Четыре мумии в черных обтрепанных ливреях неловко, молча склонились перед нами. В гостиной все изменилось — мебель была новая, строгого, холодного стиля. И только в глубине, как прежде, висел портрет моей матери кисти Данте Габриэля Россетти[10], завешенный креповым покрывалом.

Отец показал мне мою комнату — она была рядом с лабораторией — и пожелал мне спокойной ночи. С не свойственной мне учтивостью я зачем-то спросил его о мачехе. Он отвечал медленно, раздельно, подчеркивая каждый слог, а голос его был ласков и опаслив — тогда я еще не понимал...

— Вы увидитесь... Обязательно увидитесь... Спокойной ночи, сынок, спокойной ночи... Обязательно.



Ангелы господни, зачем не взяли вы меня к себе? Зачем не с тобой я сейчас, милая мамочка? Или пусть меня поглотила бы адская бездна, или разбился бы я о скалы, или убила бы меня молния!..

Да, именно тогда, ночью. В каком-то странном душевном и физическом оцепенении я сразу же лег, не раздеваясь. Помню сквозь сон, как кто-то из слуг вошел в комнату, пробормотал что-то и долго, как в кошмарном сне, глядел на меня косым глазом. В руках он держал подсвечник с тремя свечами. Когда я проснулся — было около девяти,— свечи еще горели.

Я умылся. Переоделся. Послышались шаги — вошел отец. Впервые — впервые! — он посмотрел мне в глаза. Его глаза я описать не берусь, но поверьте, таких глаз вы никогда не видели и не увидите — они отсвечивали красным, как у кролика, и смотрели так, что начинала бить дрожь.

— Идем, сын мой. Жена ждет тебя. Она в гостиной. Идем.

В гостиной, в кресле с высокой спинкой сидела женщина.

Она...

Отец:

— Подойди, Джеймс, подойди же!

Машинально я подошел ближе. Женщина, протянула руку... И тут я услышал тот самый голос, что слышал ночами в Оксфорде, тот самый голос, только еще печальнее,— он доносился из-под креповой занавеси над портретом: «Джеймс!»

Я протянул руку. Прикосновение ее ледяной руки привело меня в ужас. Холод пронзил меня до костей. Рука застывшая и ледяная, ледяная! Женщина и не взглянула на меня. Я пробормотал какое-то приветствие.

И услышал отца:

— Жена моя, вот твой пасынок, дорогой наш Джеймс. Познакомься, теперь это и твой сын.
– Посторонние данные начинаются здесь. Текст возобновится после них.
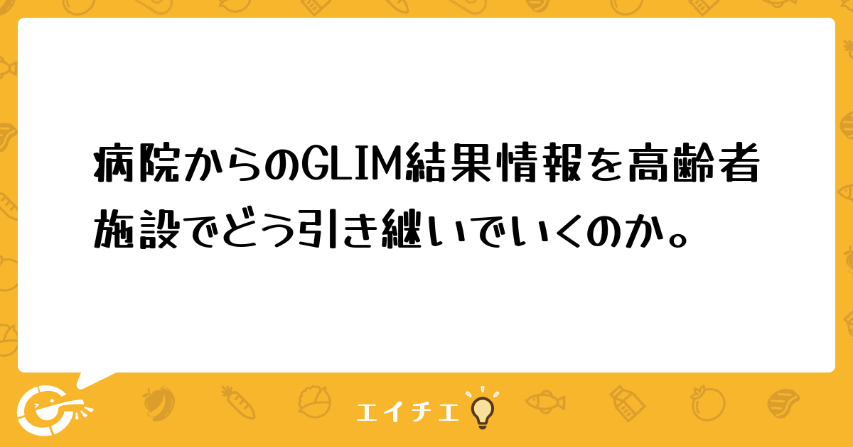 高齢者施設に入所された方の栄養情報にGLIM基準による栄養評価がありました。

Мачеха глянула на меня. Я непроизвольно сжал зубы. Ужас охватил меня: глаза ее были совершенно тусклыми. Что-то начало проясняться для меня — не может быть, это слишком страшно... Но этот запах, о господи, этот запах... я не могу выговорить, но вы понимаете, хотя и сам я себе не верю,— это слишком страшно...

Ее белые губы шевельнулись, и эта бледная, бледная, бледная женщина заговорила — гулким, словно из-под земли, голосом, похожим на стенание:

— Джеймс, дорогой, подойди поближе, я хочу поцеловать тебя, поцеловать в лоб, поцеловать в глаза...

Но я не выдержал и закричал:

— Спасите, матушка! Спасите, ангелы небесные! Силы небесные, спасите! Помогите выбраться из проклятого места!

И услышал отцовский голос:

— Замолчи, Джеймс! Успокойся, сын мой. Тише, тише.

— Нет,— кричал я, что было силы отбиваясь от слуг,— нет, я вырвусь отсюда, вырвусь и расскажу всем, что доктор Лин — чудовище, что женат он на мертвой!



КАДАВР

Заговорили о Бенвенуто Челлини[11], и один из нас усомнился в том, что великому ювелиру и вправду случилось видеть саламандру, как рассказывает он в своем жизнеописании. Но Исаак Кодомано сказал:

— Напрасно вы не верите. Могу поклясться, что видел своими глазами, так же, как вижу вас, уж и не знаю что — не то саламандру, не то привидение, не то вампира. Если хотите, расскажу.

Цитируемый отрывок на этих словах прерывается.